Think about that for a moment. When Sauron made the One Ring, he clearly put some kind of “protection” mechanism into it: Isildur found it “precious,” Gollum called it (and eventually himself) “My Precious,” Bilbo called it “My Precious,” and Frodo became pretty possessive of it (in fact, it finally possessed him in the Sammath Naur). That might have been incidental to its construction; but I think that it was a safety mechanism, a fall-back insinuated into its manufacture so that, should Sauron be separated from his precious Ring, it would tend to work its way back to him, and in the meantime, it would be guarded by its keeper. Perhaps the Ring also had a means of concealment: it might not “want” to be found unless Sauron was “calling” to it, searching for it, as was the case when poor Déagol fished it out of the shallows of the Gladden. I don’t think the One Ring “wanted” to be recognized by any others except Sauron, and was “hiding” itself at the same time that it was working to return itself to Sauron. (Personally, I think the One Ring had something akin to a sophisticated “program” in it, rather than a distinct personality: in any case, whatever was in it had come from Sauron, and if it had a personality, it must have been Sauron’s own.)

As far as the Balrog goes, however, it did not want to be found!
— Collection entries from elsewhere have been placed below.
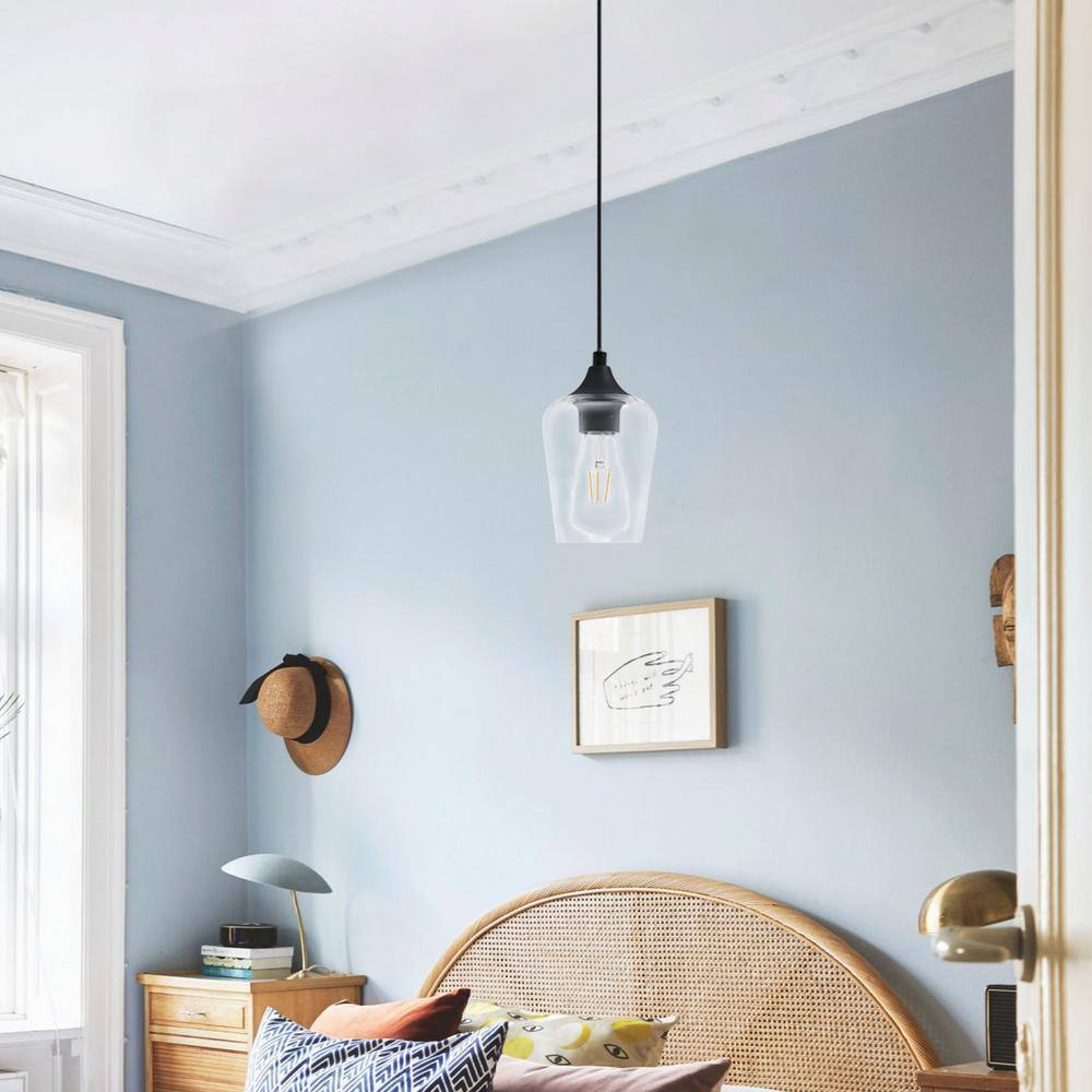 This industrial glass pendant light is crafted to enhance the natural beauty of any rooms. The rounded glass shade design creates a subtle accent that can fit any bedroom, bathroom, hallway, kitchen or even a coffee shop. The clear shade enhanced the dark metal accents and allows you to insert a unique bulb that fits your style. These dynamic fixtures can be hung alone, stagger or lined up for desired light and design.- Simple translucent design will add a warm elegant flare to any living space
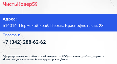 ЧистьКовер59 по адресу 614016, Пермский край, Пермь, Краснофлотская, 28 в дальнейшем Организация, размещена в следующих категориях:
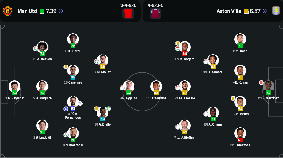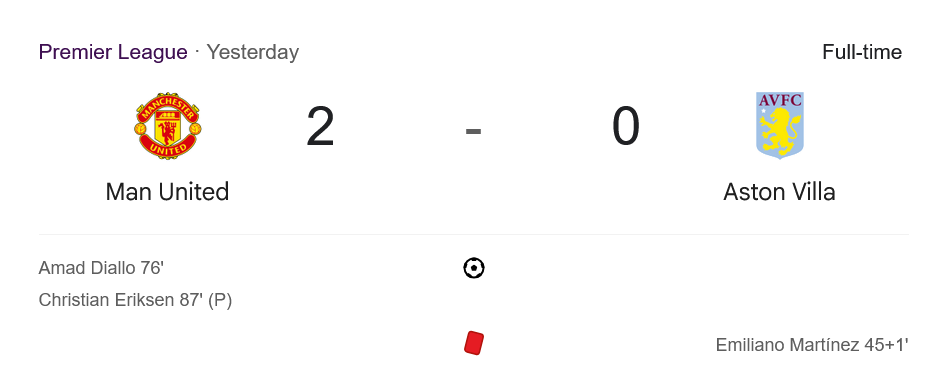 ครึ่งหลัง รูเบน อาโมริม ปรับจังหวะเกมรุกให้ทีมเดินหน้าเร็วขึ้น และในนาที 76 แมนฯ ยูไนเต็ดก็ปลดล็อกได้สำเร็จจากจังหวะจ่ายทะลุช่องของ บรูโน่ แฟร์นันด์ส ก่อนที่ อาหมัด ดิยัลโล จะหลุดเข้าไปยิงผ่านมือผู้รักษาประตูสำรองของวิลล่าเป็นประตูนำ 1-0 จากนั้นนาที 87 ปิศาจแดงมาได้จุดโทษจากจังหวะทำแฮนด์บอล และเป็น คริสเตียน อีริคเซ่น ที่รับหน้าที่สังหารไม่พลาด จบเกม แมนฯ ยูไนเต็ด ชนะ 2-0 อย่างสะใจแฟนบอล

It had wormed its way underneath Khazad-dûm in order to hide from the Army of the Valar in the War of Wrath, and after it killed or drove out the Dwarves, it stayed inside the underground city-state and continued to hide: Celeborn suspected its nature but did not know; and Gandalf, while he and Elrond and the rest of the Wise might have guessed at what “Durin’s Bane” might be, clearly did not know its true nature until he met it in the Second Hall, even after encountering it on the other side of the door to the Chamber of Mazarbul. 

Galadriel said that a grey mist surrounded Gandalf, and she was unable to see him or his movements. This was probably a deliberate device of Gandalf’s: Galadriel, his friend and ally, could not see him: neither could his enemies, particularly Sauron. Saruman was able to conceal his nefarious mechanizations from the rest of the Council. Sauron hid himself for millennia, so that none of the Wise was able to determine for certain who he was until Gandalf entered Dol Guldur near the end of the Third Age (where he found Thráin II in some state of dementia). 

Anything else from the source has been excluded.